Für van Bebber ist das nur eine Momentaufnahme. Seinen Flughafen sieht der Manager gut vermarktet: „In den Köpfen der Kunden haben wir Weeze bereits seit Jahren als nutzerfreundlichen Flughafen der kurzen Wege verankert“, so van Bebber auf Anfrage von Handelsblatt Online. „Wer in Weeze landet, findet bei der Ankunft am Gepäckband seinen Koffer meist schon vor und sitzt fünf Minuten später im Auto.“

Auch Regionalflughäfen könnten sich erfolgreich neu ausrichten, ist Berater Höffinger überzeugt. Jedoch: Es kommt auch auf die Lage und die Umgebung an. Der Österreicher schwärmt von der „Premium-Destination“ Zürich. An dem Flughafen springe dem Passagier schon kurz nach der Landung allein durch die Gestaltung „Swissness“ entgegen – Matterhorn, Schokolade und Schweizer Taschenmesser sei Dank.
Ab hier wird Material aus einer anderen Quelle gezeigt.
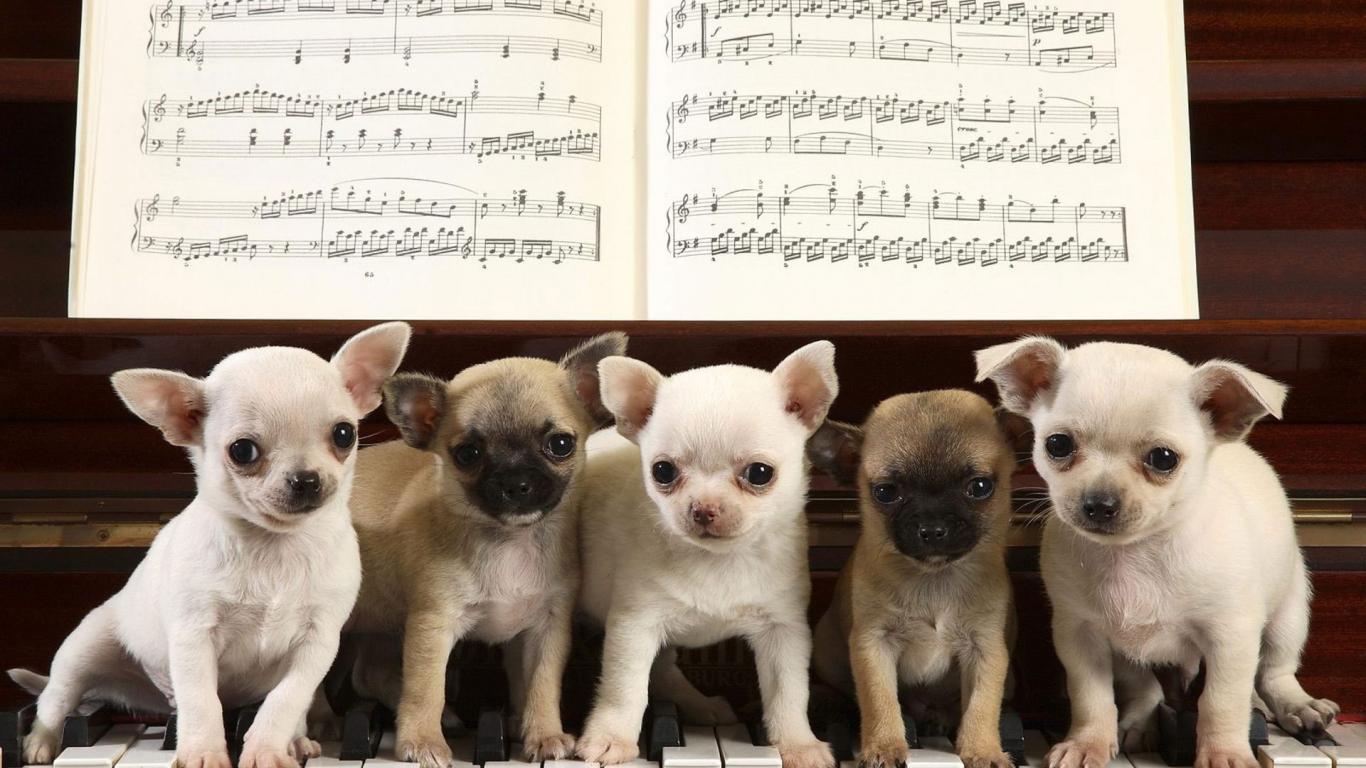 Обои Собаки чихуахуа на пианино

„Beim Flughafen Zürich passt die Positionierung – in Kassel-Calden stelle ich mir das sehr anspruchsvoll vor“, sagt Höffinger. Beim berühmt berüchtigten 271-Millionen-Euro-Flughafen will der neue Chef Ralf Schustereder sich stärker an den Interessen der Wirtschaft in Nordhessen orientieren. Schustereder muss sich noch mehr beeilen als andere Airport-Manager, die als Zielmarke von der EU das Jahr 2024 bekommen haben. Bereits 2017 will die schwarz-grüne Landesregierung in Hessen Kassel-Calden auf den Prüfstand stellen, bis dahin soll das Minus jährlich schrumpfen.